Leider fehlt dies gänzlich bei Kovac, oder kann mir jemand erklären, wie man Trainer der kroatischen Nationalmannschaft wird, nachdem man zuvor die kroatische U21, sowie die U21 von Red Bull Salzburg trainiert hat und bei Red Salzburg nur CO. Trainer war.
Wahat a fuck - is going on there [[nixweiss]]!!!
Die ersten 20 Minuten werden zeigen, ob es Kroatien schafft den Brasilianern den Spielfluss zu nehmen, indem Sie Pressing spielen, sicheren und kombinationsreichen Ballbesitz vorweisen, eng am Gegenspieler stehen und mitlaufen, sowie mit schnellen und direkten Kontern ein Lebenszeichen abgeben und die Brasilianer damit einschüchtern und beschäftigen.
Im Endeffekt ist den Kroaten das Beste passiert, den keiner rechnet damit das Sie überhaupt etwas gegen Brasilien zu melden haben werden und das ist Ihre größte Stärke, nämlich Ihre Unberechenbarkeit.
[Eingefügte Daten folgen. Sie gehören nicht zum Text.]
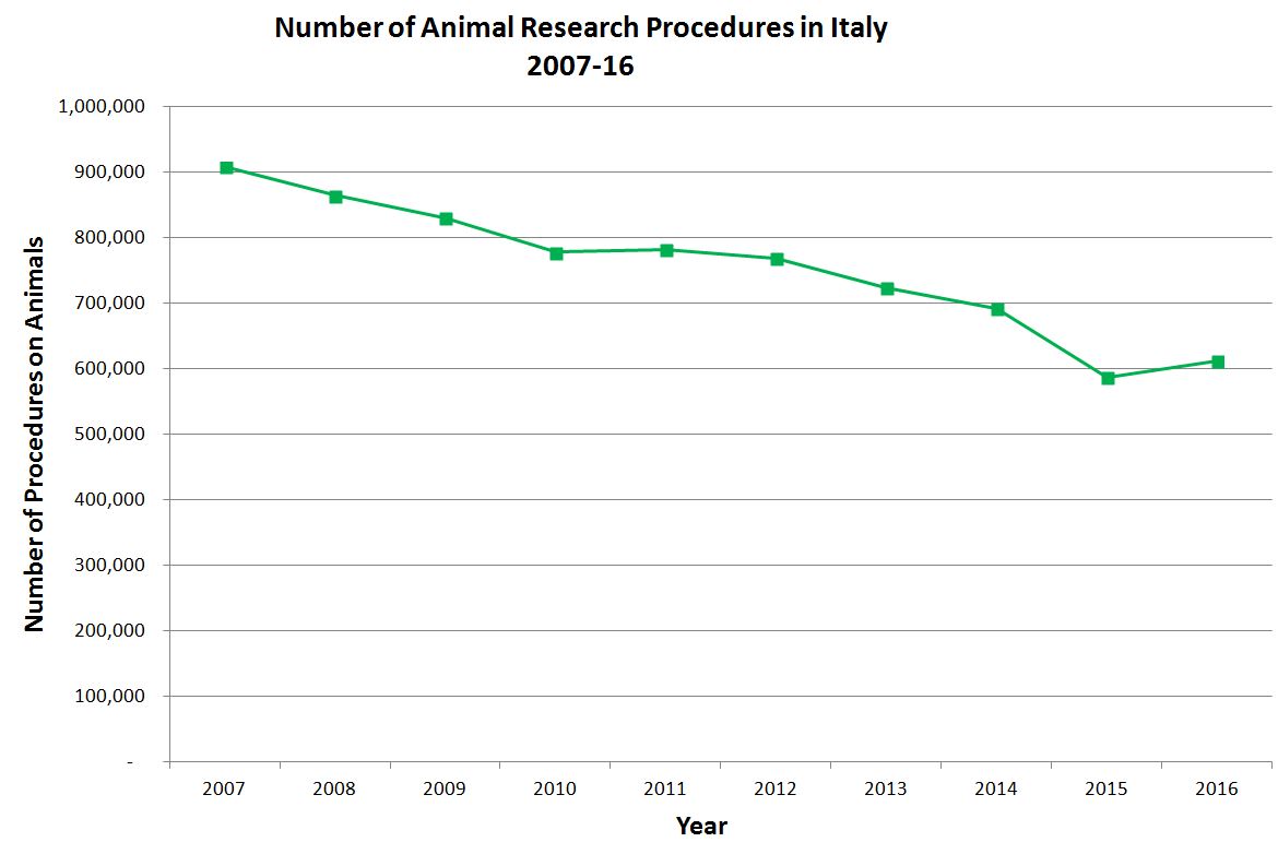 Source of the Italian Statistics: http://www.salute.gov.it/portale/temi/p2_6.jsp?lingua=italiano&id=4400&area=sanitaAnimale&menu=sperimentazione
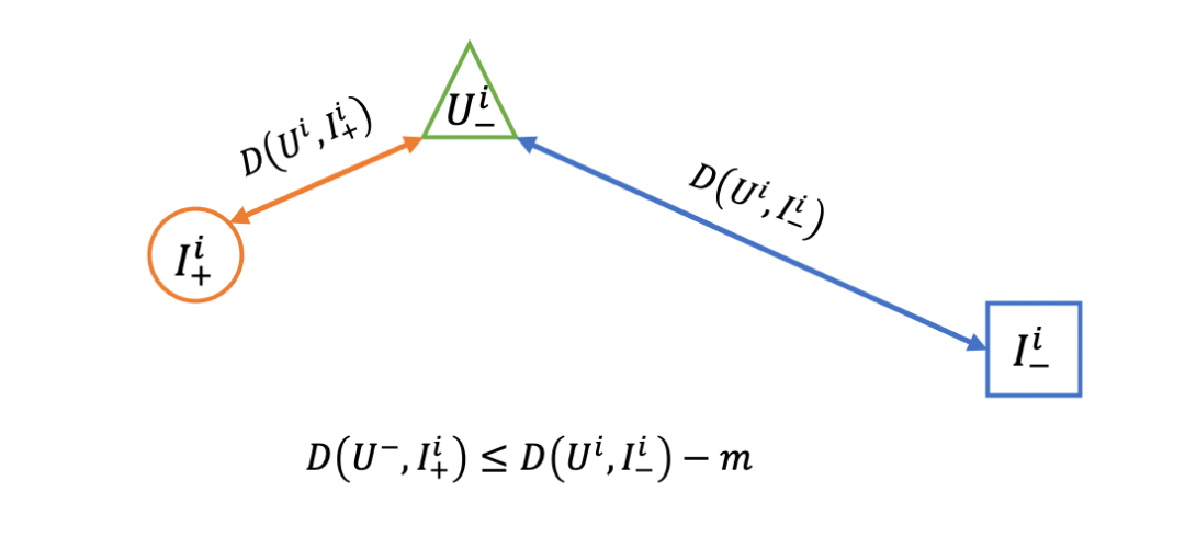 对于三元组输入样本,其中、和分别表示第组样本中的User、正Item和负Item。Pairwise Hinge Loss目标使User与负Item的距离比User与正Item距离大于:

An guten Tagen ist vieles möglich, doch wenn wir so spielen wie gegen Australien und Island gehen wir 7:0, in den Atlantik baden.
Würde mir die schnellen und technisch versierten, Olic, Perisic und als zugabe Eduardo oder den jungen Rebic in der Startelf wünschen, womit man nach der Balleroberung (Marcelo und Alves), auf den außen sich sehr schnell und direkt in die gefährliche brasilianische Zone dribbeln kann und durch die Freistöße von Modric und Rakitic, für eine Überraschung sorgen kann.
David Luiz und Cesar sind somit immer für einen Aussetzer gut und somit bitte nicht mit einem statischen und langsamen Jelavic in der Startelf beginnen, wo sich Thiago und Luiz die Aufgabe gegenseitig übertragen können.
Außerdem wird es immens wichtig sein nicht übermäßig hart einzusteigen, und gelbe Karten regnen zulassen, Marcelos Läufe bis zur Grundlinie zu unterbinden, denn damit schafft er eine Überzahl für Neymar und Hulk, sowie dem Oscar bloß keine Räume zu schaffen, um durch die Gasse den Hulk oder Fred anzuspielen.